NAGA 2 set for Ophir field off Malaysia

July 2, 2017

Dateline 2017-05-25, AOG:

Octanex says the NAGA 2 self-elevating mobile offshore drilling unit is ready for mobilization to the Ophir oil field offshore Malaysia.

The jackup started demobilizing from its previous drilling location and will shortly start its tow to the Ophir field where it is expected to arrive on 27 May 2017 for a three-well drilling campaign.

The three planned horizontal production wells target stacked oil reservoirs in a four-way dip closed structure previously discovered and tested by the discovery well, Ophir-1 and four additional appraisal wells, defined with 3D seismic data acquired in 2011, and supported by productive wells located in adjacent fields.

The Ophir oil field, off Peninsular Malaysia at some 70m water depth, is being developed via three production wells, a well head platform (WHP) and floating production storage and offload (FPSO) vessel.

The field is being developed under a risk service contract (RSC) granted in 2014 to OPSB, a joint venture company in which Octanex has a 50% interest.

 


Ophir field achieves first oil

January 6, 2017

Dateline 2017-11-11, Asian Oil & Gas:

Octanex said first oil has been achieved at the Ophir field, offshore Malaysia, following commencement of production from the field on 20 October.

Production during this period was constrained to a maximum of 3000 bo/d. A de-bottle necking phase of commissioning is underway, and Octanex expects that the first lifting of Ophir crude will occur in December 2017.

The Ophir field with a water depth of approximately 70m and has been developed via three production wells, a wellhead platform and floating production storage and offload (FPSO) vessel.

 


PETRONAS Approves Development Plan for Malaysia’s Offshore Ophir Oil Field

October 1, 2015

Finally.

Dateline 2015-09-01, Rigzone:

Australia’s Octanex N.L. disclosed Tuesday that Malaysia’s state-owned oil and gas company Petroliam Nasional Berhad (PETRONAS) has approved the revised field development plan (FDP) for the Ophir oil field in Block PM 305, offshore Peninsular Malaysia.

Work on the $90 million Ophir field project, which is being developed under a Risk Sharing Contract (RSC) granted in 2014 to Ophir Production Sdn Bhd (OPSB), will commence immediately. OPSB is a joint venture company comprising Octanex (50 percent), Scomi Energy Services Bhd (30 percent) and Vestigo Petroleum Sdn Bhd (20 percent).

 


OPSB Secures Financing to Develop the Ophir Oil Project Offshore Terengganu

October 7, 2014

Dateline 2014-07-27, Rigzone:

Octanex N.L. announced Thursday that limited recourse project finance has been secured for the development of the Ophir field, offshore Terengganu, Malaysia.

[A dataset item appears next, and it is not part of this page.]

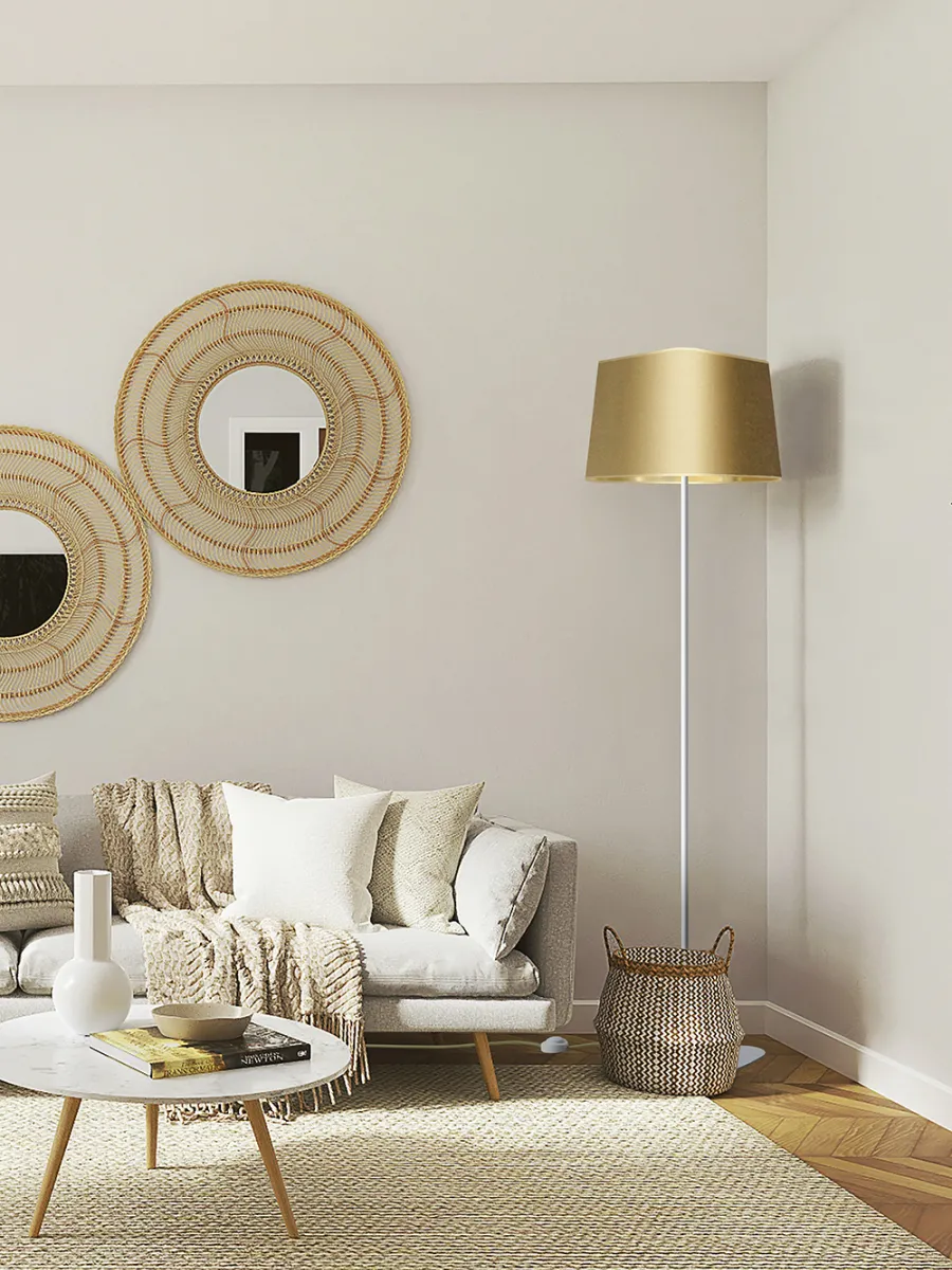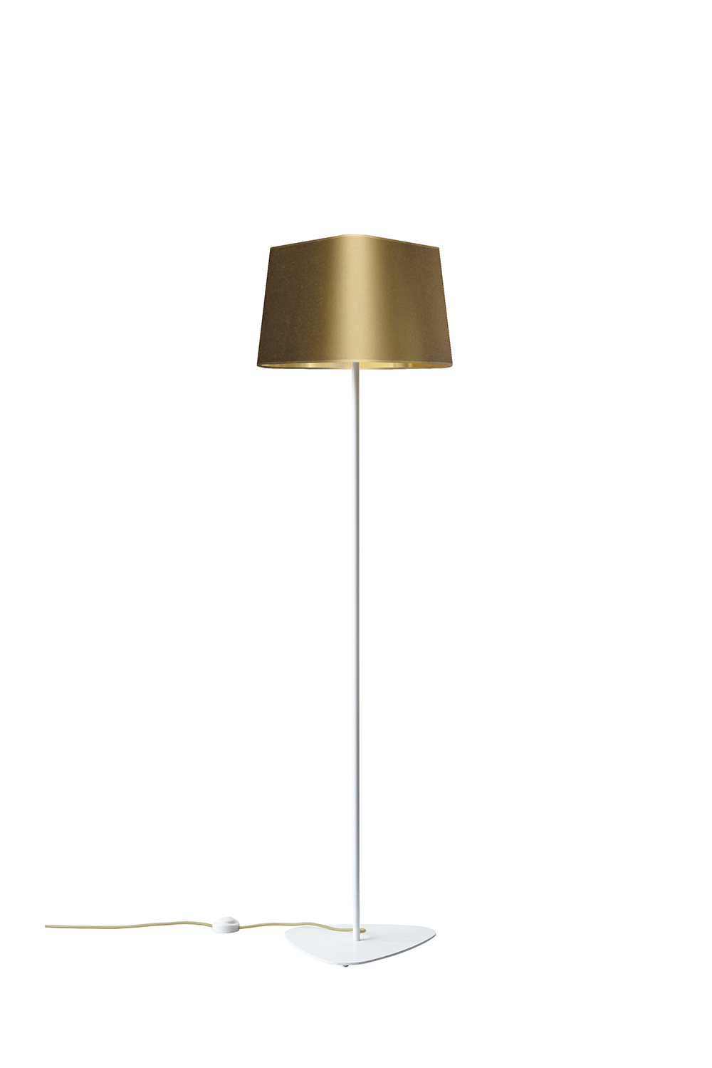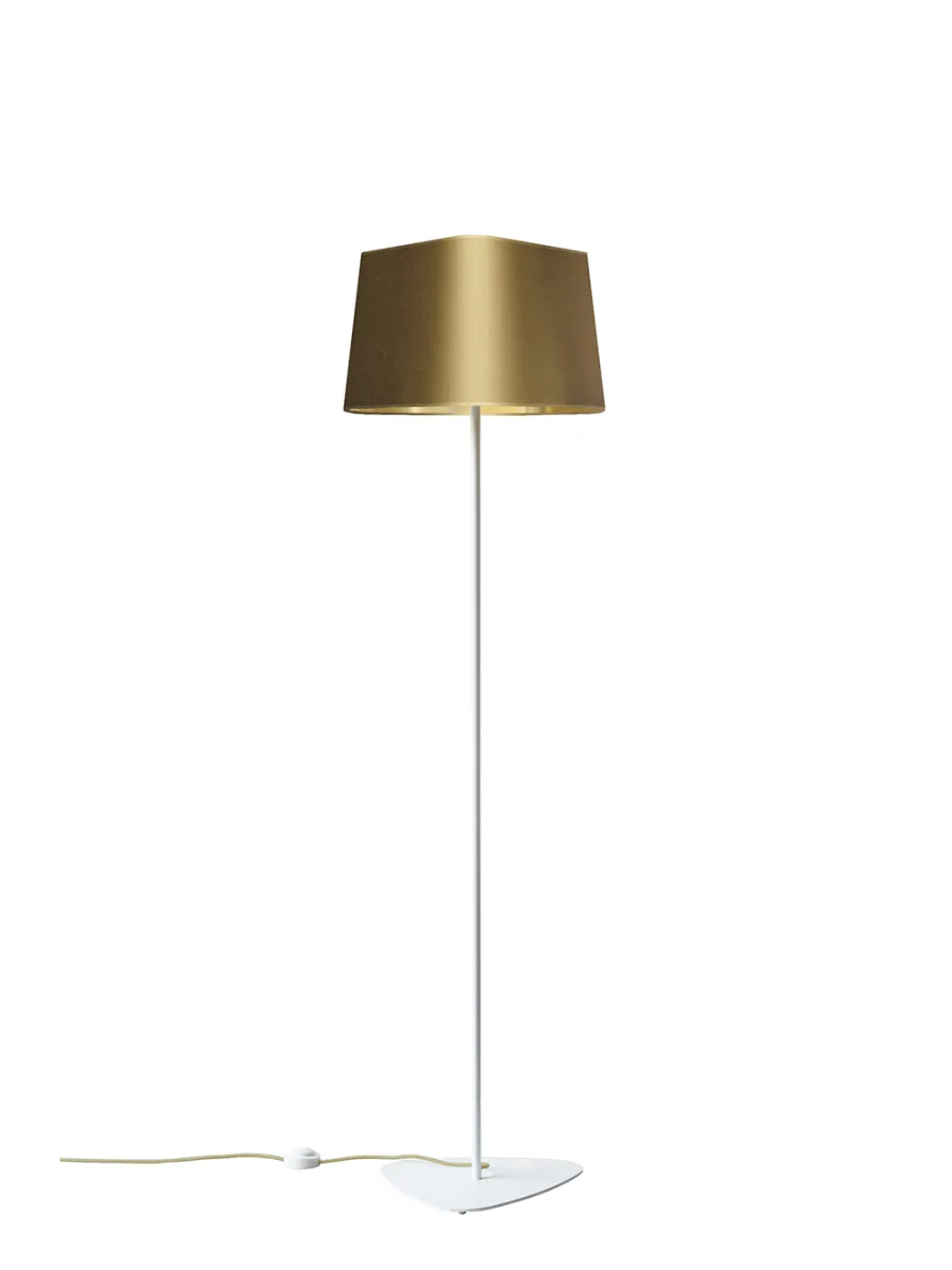 La collection Nuage, dont l’abat-jour triangulaire et arrondi s’apparente à la proue d’un bateau, a un design intemporel et universel. Nuage est la collection best-seller de DESIGNHEURE, grâce à sa très grande adaptabilité et ses nombreuses déclinaisons de modèles. Le lampadaire Grand Nuage, mesurant 1m62 de haut, est idéal en éclairage complémentaire d’ambiance dans une chambre ou un salon. Son éclairage apporte une lumière bien particulière, découpant l’espace de façon architecturale. Il se compose d’un abat-jour en tissu satiné doré à l’extérieur et doré à l’intérieur, d’un cordon électrique en textile doré, d’un piètement triangulaire et d’un tube en acier blanc laqué. La simplicité et la pureté des lignes de son apparence apportent élégance et légèreté à vos intérieurs.

Octanex is a 50 percent shareholder in Ophir Production Sdn Bhd (OPSB) which was awarded the Ophir Risk Service Contract in June. Octanex’s joint venturers in OPSB are Scomi Energy Services Bhd, a Malaysian downstream oil and gas services company listed on the Main Board of Bursa Malaysia with a 30 percent interest, and Vestigo Petroleum Sdn Bhd, a wholly owned subsidiary of Petronas, incorporated in 2013 with a focus on the development of small, marginal and mature fields, holding a 20 percent interest.


Ophir Production to Develop Ophir Oil Field Offshore Terengganu, Malaysia

August 10, 2014

Dateline 2014-6-12, Rigzone:

Scomi Energy Services Bhd (SESB or Company) announced Wednesday that Ophir Production Sdn Bhd (OPSB), a joint venture firm — in which SESB’s wholly-owned subsidiary Scomi D & P Sdn Bhd (SDP) has a 30 percent interest — signed a seven year Small Field Risk Service Contract (SFRSC) with Malaysia’s national oil and gas company Petroliam Nasional Berhad (Petronas) June 11 to develop and produce petroleum from the Ophir field, offshore Terengganu, Malaysia.

OPSB will execute the approved Field Development Plan (FDP) with planned development activities, which include the drilling of wells, the installation of a production platform and export and storage of oil via a floating storage facility. The development phase will cost an estimated $135 million, with first oil production expected in 18 months.